**What you are asked to do**
From the line containing "ASNAGO MARIO (attribuito)" to the line containing "Our first actual" in the records below, set down every line exactly as it stands, both ends included, and skip the pictures.

**Records supplied**
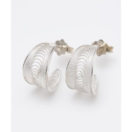 地中海に浮かぶマルタ島で500年続く伝統工芸品の銀細工「フィリグリー」。ルネサンス時代から変わらぬ手法で受け継がれた、繊細なハンドメイドの芸術的と称されるアクセサリーです。細い銀線のカーブが美しいフープピアス。繊細で涼しげな透かしとシルバーの輝きが耳元をスタイリッシュに彩ります。生産者さんのサインと日付入りのカードと一緒に、ケースに入れてお届けします。大切な方へのプレゼントや自分へのご褒美にぴったりなアクセサリーです。
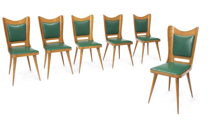 ASNAGO MARIO (attribuito) Sei sedie in acero bianco con seduta imbottita in...
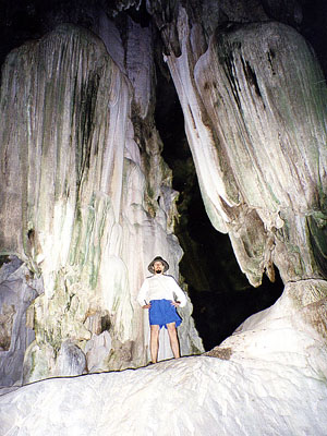 Our first actual stop was at Naga Cave, a rather large cave with some really amazing rock formations and a great view of the jungle. Hyun-jin took this picture of me standing at the entrance to the cave, doing my best Indiana Jones impression (just ignore the bright blue swimming trunks).
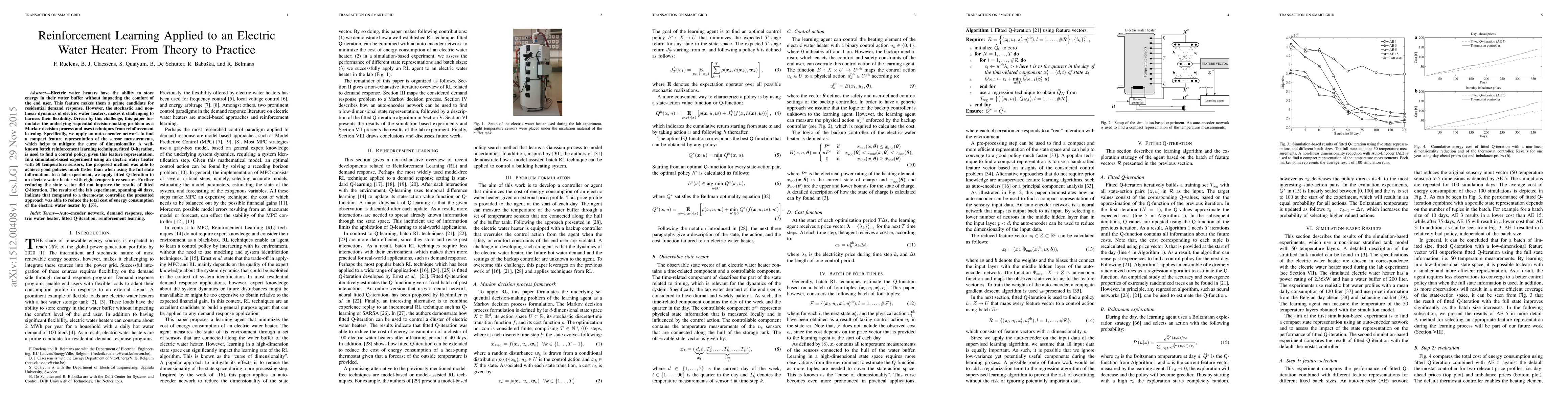 This paper explores using reinforcement learning to optimize the control of electric water heaters for residential demand response, employing fitted Q-iteration and an auto-encoder network to manage complex dynamics and reduce dimensionality. Experimental results show a 15% reduction in energy consumption costs compared to traditional thermostat control.
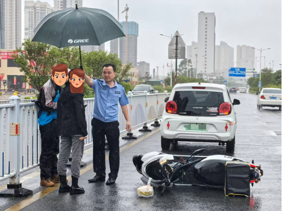 9月25日,港北区荷城路西段大雨滂沱,路面湿滑、视线模糊。港北分局经侦大队民警黄晓波在执行公务途中,突然发现前方发生一起交通事故——一辆电动自行车与小型新能源汽车发生碰撞,电动车驾驶人摔倒在地,物品散落一地。 当时车流密集、雨势正猛,多停留一秒就多一分危险。黄晓波毫不犹豫,迅速安全停车、上前查看。他细心询问伤情,确认当事人意识清醒、仅受擦伤后,便一直半蹲在地,为其撑伞挡雨,并不断安抚情绪。随后,他转身投入交通疏导,指挥车辆有序通行,有效防范二次事故。 “雨大路滑,我心里急着送单,没想到出了意外,多亏民警第一时间帮我!”事后,获助群众连声感谢。一把伞,一个人,一场及时雨中的守护,让冰冷雨幕透出暖意。 深夜寻亲:民辅警点亮“归家灯”,风雨夜里守护团圆时刻
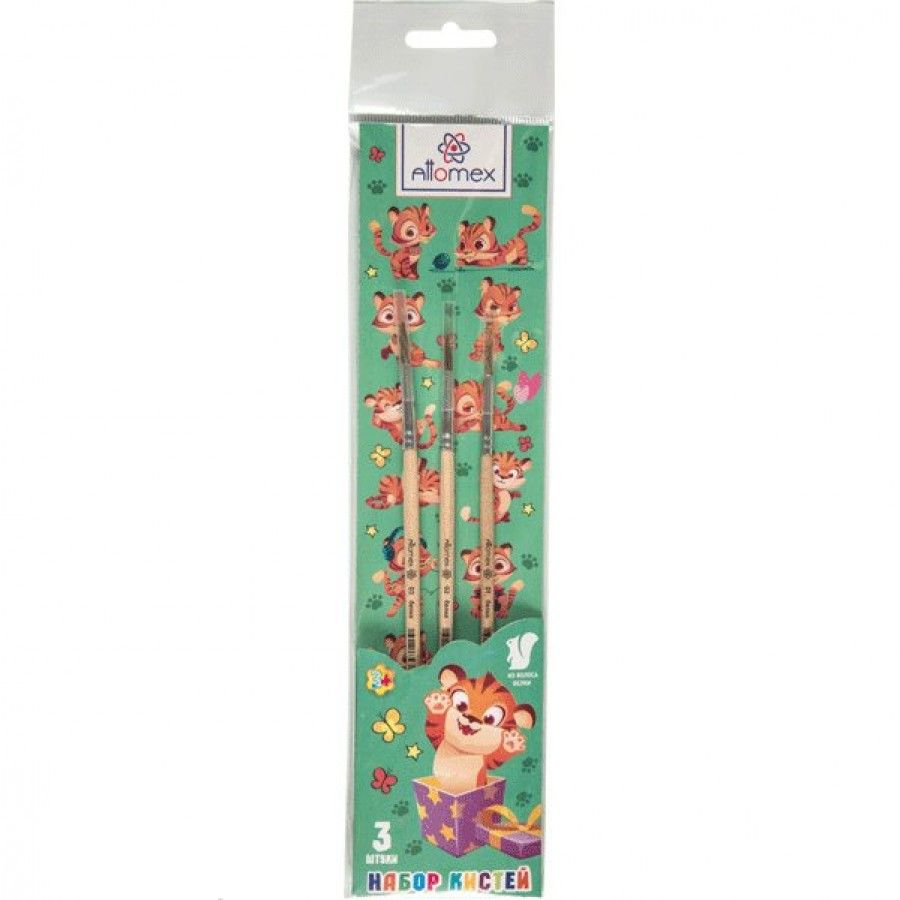 Набор кистей "Attomex" 03 шт (белка № 1, 2, 3) деревянная ручка, в пластиковом блистере

**Output of the exercise**
 ASNAGO MARIO (attribuito) Sei sedie in acero bianco con seduta imbottita in...
 Our first actual stop was at Naga Cave, a rather large cave with some really amazing rock formations and a great view of the jungle. Hyun-jin took this picture of me standing at the entrance to the cave, doing my best Indiana Jones impression (just ignore the bright blue swimming trunks).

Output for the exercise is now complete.